*** INPUT DATA ***

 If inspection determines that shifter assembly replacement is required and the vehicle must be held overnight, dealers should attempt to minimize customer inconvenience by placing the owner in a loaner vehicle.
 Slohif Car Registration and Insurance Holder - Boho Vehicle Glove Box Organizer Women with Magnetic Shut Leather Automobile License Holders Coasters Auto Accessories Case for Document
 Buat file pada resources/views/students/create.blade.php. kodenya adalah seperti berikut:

*** End of INPUT DATA ***
*** INPUT DATA ***

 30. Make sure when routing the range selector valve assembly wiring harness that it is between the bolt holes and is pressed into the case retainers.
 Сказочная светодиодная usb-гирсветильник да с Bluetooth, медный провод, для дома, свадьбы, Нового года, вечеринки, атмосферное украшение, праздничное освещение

*** End of INPUT DATA ***
*** INPUT DATA ***

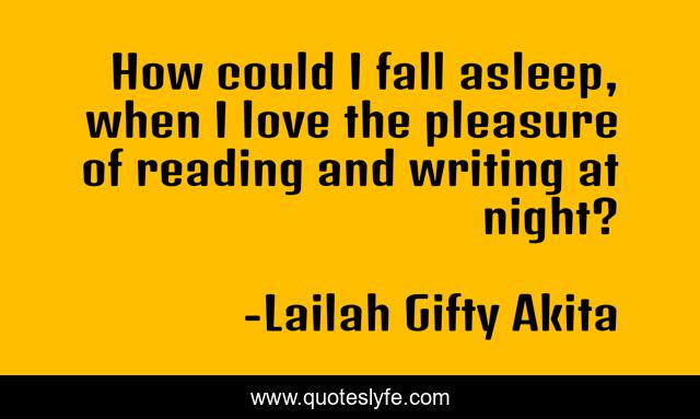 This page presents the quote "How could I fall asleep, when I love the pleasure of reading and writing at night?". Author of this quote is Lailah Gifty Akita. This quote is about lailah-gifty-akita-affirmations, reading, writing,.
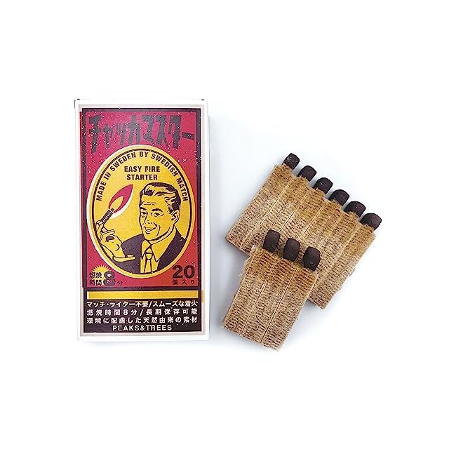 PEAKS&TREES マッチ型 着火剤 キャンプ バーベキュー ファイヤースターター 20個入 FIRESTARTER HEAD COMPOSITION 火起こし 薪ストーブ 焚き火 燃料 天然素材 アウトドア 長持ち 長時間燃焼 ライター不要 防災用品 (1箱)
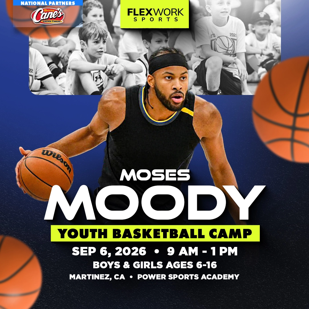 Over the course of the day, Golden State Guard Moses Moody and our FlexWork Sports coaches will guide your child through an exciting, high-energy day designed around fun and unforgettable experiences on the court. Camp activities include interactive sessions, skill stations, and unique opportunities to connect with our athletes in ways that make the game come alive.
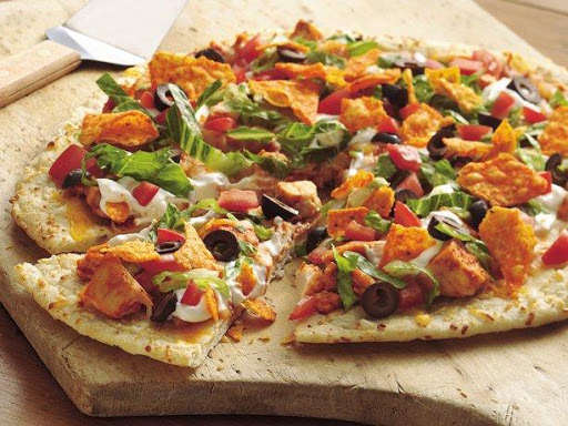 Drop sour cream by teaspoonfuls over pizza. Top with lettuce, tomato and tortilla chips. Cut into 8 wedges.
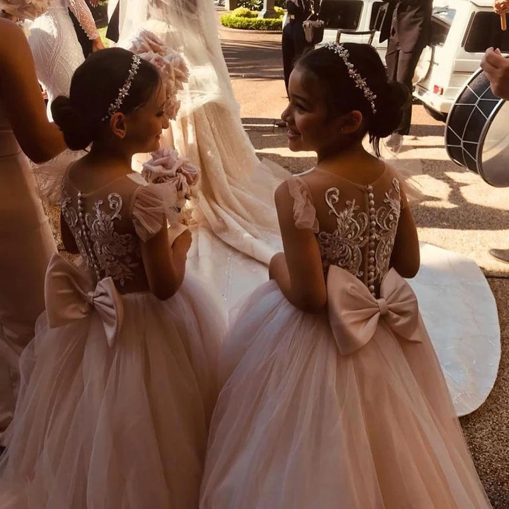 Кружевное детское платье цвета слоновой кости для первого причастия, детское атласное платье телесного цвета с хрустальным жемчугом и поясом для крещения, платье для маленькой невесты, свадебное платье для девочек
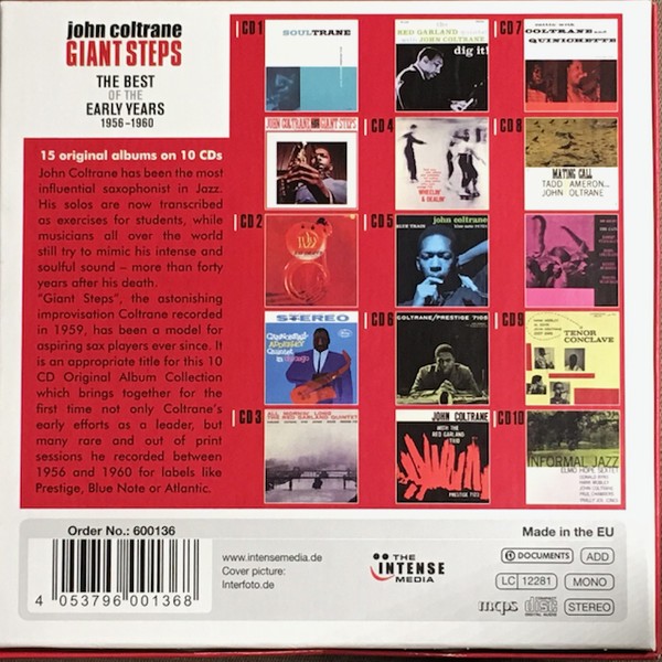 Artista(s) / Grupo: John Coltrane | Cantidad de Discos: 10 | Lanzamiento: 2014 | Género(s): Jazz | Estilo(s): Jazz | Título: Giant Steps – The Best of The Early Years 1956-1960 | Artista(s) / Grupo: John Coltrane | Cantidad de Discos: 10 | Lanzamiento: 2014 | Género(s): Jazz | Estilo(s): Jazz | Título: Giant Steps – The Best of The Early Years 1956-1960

*** End of INPUT DATA ***

▶ _ABOUT THIS TASK_
Output only an exact transcription of the lines above from the one with "30. Make sure" up to and including the one with "Сказочная светодиодная usb-гирсветильник".

▶ _TASK SOLUTION_
 30. Make sure when routing the range selector valve assembly wiring harness that it is between the bolt holes and is pressed into the case retainers.
 Сказочная светодиодная usb-гирсветильник да с Bluetooth, медный провод, для дома, свадьбы, Нового года, вечеринки, атмосферное украшение, праздничное освещение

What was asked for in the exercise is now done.